Many people in Massachusetts may be struggling with overwhelming debt and looking for relief from their situation. However, concerns over the effects of personal bankruptcy on one's creditworthiness in the future may hold people back from taking the next step, despite the debt relief potential offered by a bankruptcy filing. There are ways that people going through bankruptcy can plan ahead to help ensure the success of their filing.

For many across the United States, personal bankruptcy is far from uncommon. In fact, over 700,000 people filed for bankruptcy in 2017. According to federal law, a bankruptcy filing can remain on a person's credit report for up to 10 years, depending on the type of filing that a person makes. However, the full impact of bankruptcy on a person's credit does not need to linger for the entire period.
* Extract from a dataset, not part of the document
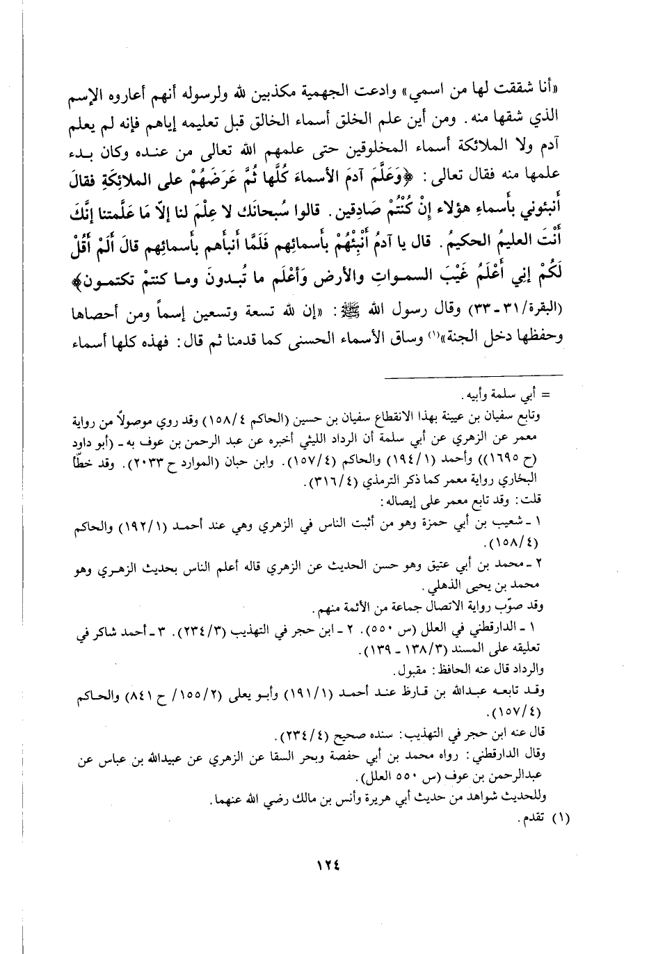 "أَنَا شَقَقْتُ لَهَا مِنَ اسْمِي" وَادَّعَتِ الْجَهْمِيَّةُ مُكَذِّبِينَ لِلَّهِ وَلِرَسُولِهِ أَنَّهُمْ أَعَارُوهُ الِاسْمَ الَّذِي شَقَّهَا مِنْهُ. وَمِنْ أَيْنَ عَلِمَ الْخَلْقُ أَسْمَاءَ الْخَالِقِ قَبْلَ تَعْلِيمِهِ إِيَّاهُمْ فَإِنَّهُ لَمْ يَعْلَمْ آدَمُ وَلَا الْمَلَائِكَةُ أَسْمَاءَ الْمَخْلُوقِينَ حَتَّى عَلَّمَهُمُ اللَّهُ تَعَالَى مِنْ عِنْدِهِ وَكَانَ بَدْءُ عِلْمِهَا مِنْهُ فَقَالَ تَعَالَى: {وَعَلَّمَ آدَمَ الْأَسْمَاءَ كُلَّهَا ثُمَّ عَرَضَهُمْ عَلَى الْمَلَائِكَةِ فَقَالَ أَنْبِئُونِي بِأَسْمَاءِ هَؤُلَاءِ إِنْ كُنْتُمْ صَادِقِينَ، قَالُوا سُبْحَانَكَ لَا عِلْمَ لَنَا إِلَّا مَا عَلَّمْتَنَا إِنَّكَ أَنْتَ الْعَلِيمُ الْحَكِيمُ، قَالَ يَا آدَمُ أَنْبِئْهُمْ بِأَسْمَائِهِمْ فَلَمَّا أَنْبَأَهُمْ بِأَسْمَائِهِمْ قَالَ أَلَمْ أَقُلْ لَكُمْ إِنِّي أَعْلَمُ غَيْبَ السَّمَاوَاتِ وَالْأَرْضِ وَأَعْلَمُ مَا تُبْدُونَ وَمَا كُنْتُمْ تَكْتُمُونَ} [الْبَقَرَةِ: 31-33] وَقَالَ رَسُولُ اللَّهِ صَلَّى اللَّهُ عَلَيْهِ وَسَلَّمَ: "إِنَّ لِلَّهِ تِسْعَةً وَتِسْعِينَ اسْمًا وَمَنْ أَحْصَاهَا وَحَفِظَهَا دَخَلَ الْجَنَّةَ" 1 وَسَاقَ الْأَسْمَاءَ الْحُسْنَى كَمَا قَدَّمْنَا ثُمَّ قَالَ: فَهَذِهِ كُلُّهَا أَسْمَاءُ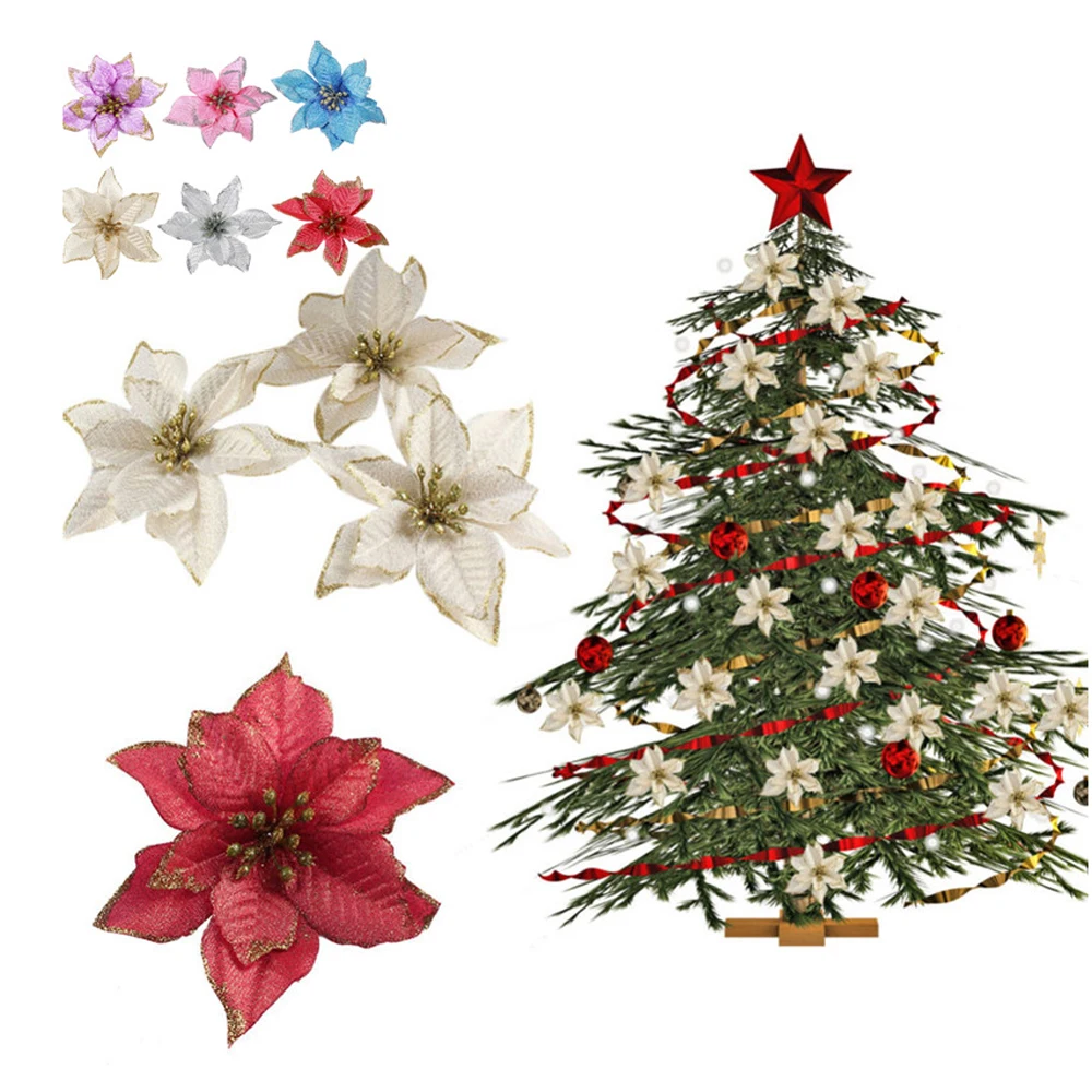 10 шт. блестящие пуансеттийские цветы, Рождественский Декор, венок,...

In one study by LendingTree, analysts found that 65 percent of people who filed for bankruptcy had already achieved a credit score of at least 640 only two years after their initial filing.

The speed of financial recovery from bankruptcy can vary, and a person can take action in order to enhance their financial health. Using a secured credit card after the bankruptcy has been discharged can help a person to accumulate positive credit. Signing up for a credit monitoring service can also help people to track their credit score and ensure it continues in an upward direction. Finally, it is important to manage future debt and avoid overspending to keep one's credit healthy in the future.

Personal bankruptcy can be an important step to discharge debt and emerge from an endless cycle of collection calls and insurmountable bills. A bankruptcy lawyer may be able to help a debtor file for bankruptcy and move through the process successfully, discharging their debts and preparing for a new, positive financial future.